Pazarlama karması bazı yönleriyle eleştiri almaktadır:

  • Yalnızca mikro konuları ilgilendirdiği için yetersizdir. Yalnızca bir mübadele tarafının (satıcı) görüşünü almaktadır.
  • Pazarlama faaliyetlerine katılan ya da bunlardan etkilenen kişilere bilgi yayımı, insan kaynakları yönetimi, teşvik ve kontrol sistemleri gibi pazarlama fonksiyonunun içsel görevlerine ilgi göstermediği için kavramın örgütsel bağlamda sınırlı bir yönetimsel uygulamaya sahip olduğu ifade edilmektedir.
  • Pazarlama karması kavramı pazarı değişken olmayan bir yapı içerisinde kabul etmekte ve pazarın değişkenliğini göz ardı etmektedir.
  • Pazarlama karması kavramı tek yönlü (etki-tepki) özelliğe sahiptir. Bu tek yönlü bakış açısı neticesinde, işletmelerin odağını oluşturan değişim ilişkilerinden bahsedilememektedir.
  • Pazarlama karması elemanları teorik bir yapı içermektedir. Bu elemanlar uygulamada yetersiz kalmaktadır. Bu karma elemanlarının ortaya atıldığı yıllarda mevcut bulunan pazar yapıları günümüzde oldukça değişmiş ve bu elemanlar yetersiz duruma gelmiştir. Teoride pazarlama karması temelsiz bir P’ler listesi haline gelmiştir.

Değer Kavramı

Değer, insanların bir ürüne yönelik kendi inançlarıyla ve beklentileriyle ilişkili yargılarını ifade etmektedir. Bu yüzden değer, algılamalar üzerine kuruludur. Bu açıdan ister işletmeler isterse müşteriler tarafından olsun; değer, bazı faydaların ve maliyetlerin karşılaştırılması ile elde edilen soyut bir kavramdır. Değer, özellikle ilişkisel pazarlama için çok önemli bir öğeyi oluşturmakta ve 1990’lı yıllardan bu yana işletmeler için stratejik rekabet avantajı sağlamaktadır. Değer, algılar üzerine kurulu olduğundan, müşteriler tarafından algılanan değer ve işletmeler açısından değer kavramları bulunmaktadır.

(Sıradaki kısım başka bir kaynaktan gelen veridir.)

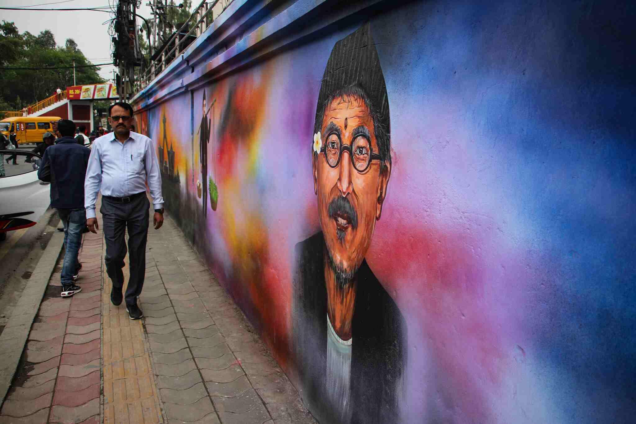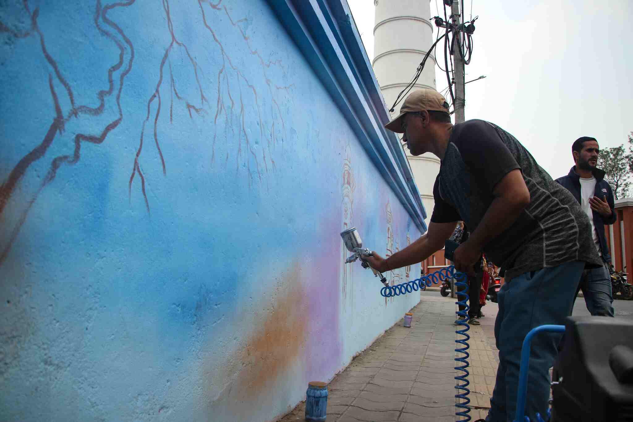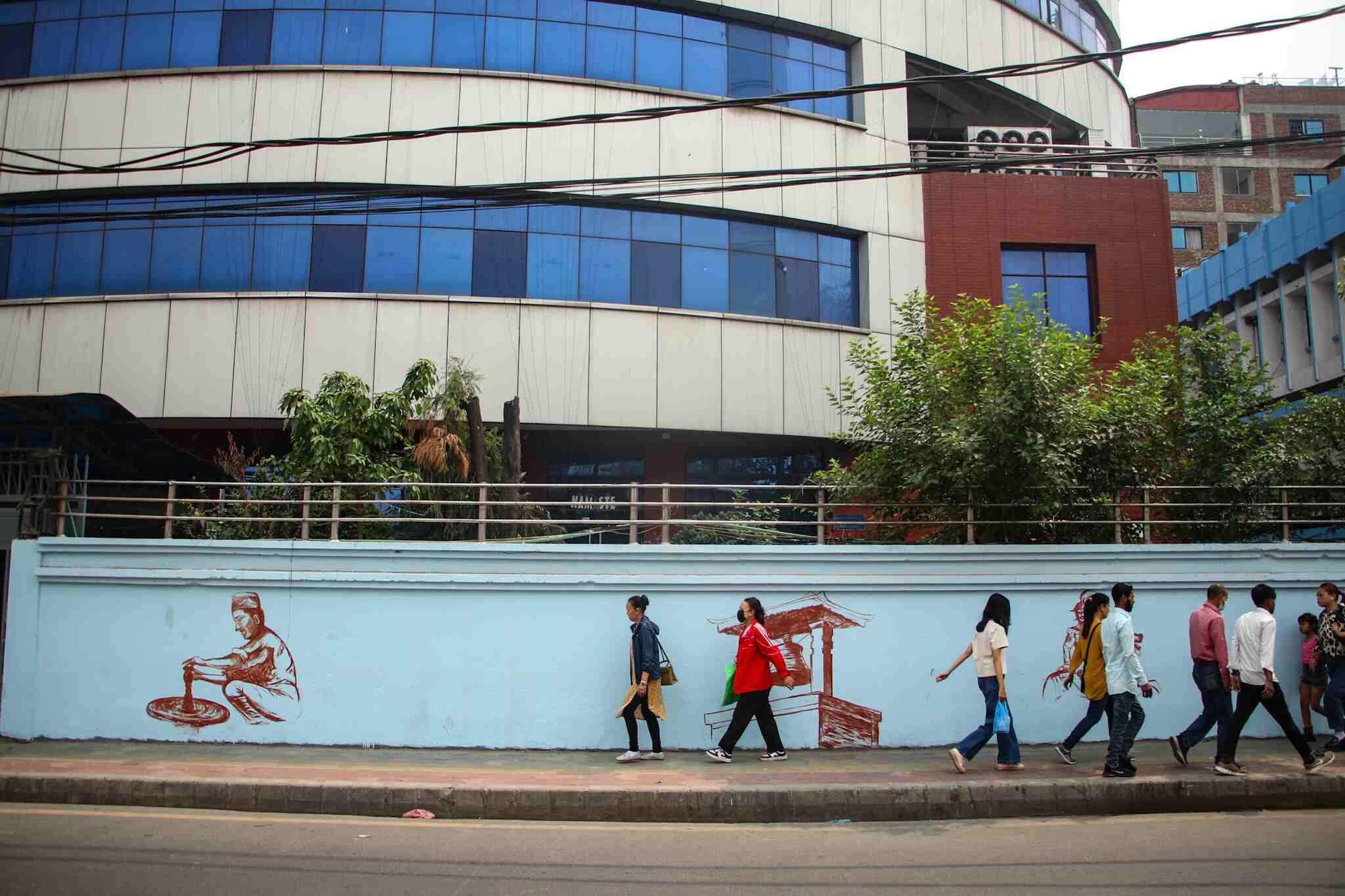 काठमाडौँ महानगरपालिकाले ‘वाल आर्ट’मार्फत खाली भित्ताहरू रङ्गाउन शुरू गरेको छ। फोहोर फल्ने, पोस्टर ठास्ने, अनावश्यक रूपमा लेख्ने गर्दा कुरुप देखिएपछि खाली भित्तामा काठमाडौँ महानगरले विभिन्न कला संस्कृति झल्किने गरी रङ रोगन गरेको हो। शुरूआती चरणमा सुन्धारामा रहेको नेपाल टेलिकमको भवनका भित्तामा रङ रोगन गरिएको हो। सुन्धारापछि त्रिपुरेश्वर ओरालो, प्रदर्शनी मार्गमा रहेका भित्ता, विमानस्थल, बबरमहलमा ‘वाल आर्ट’ गरिने महानगरले जनाएको छ। तस्वीर : नेपाल फोटो लाइब्रेरी

Müşterinin algıladığı değer , işletme tarafından kendisine sunulanlardan algıladığı toplam faydayı kendisinin fedakârlık etmek zorunda kaldığı toplam algılanan maliyetle oranlaması sonucu yaptığı değerlendirme olarak ifade edilebilmektedir. Müşterinin markada algıladığı değeri, bir kimsenin bir mal veya hizmetten algıladığı faydanın karşılığında, fedakârlık etmeye hazır olduğu bir maliyeti (fedakârlığı) ifade etmektedir. Bu açıdan müşterinin algıladığı değer beklentiler üzerine kuruludur. Bu beklentilerin tatmin edilme düzeyi ise müşterinin uzun vadede tekrar o işletmeyi tercih etmesi ile sonuçlanan uzun soluklu bir sürecin başlangıcını oluşturmaktadır.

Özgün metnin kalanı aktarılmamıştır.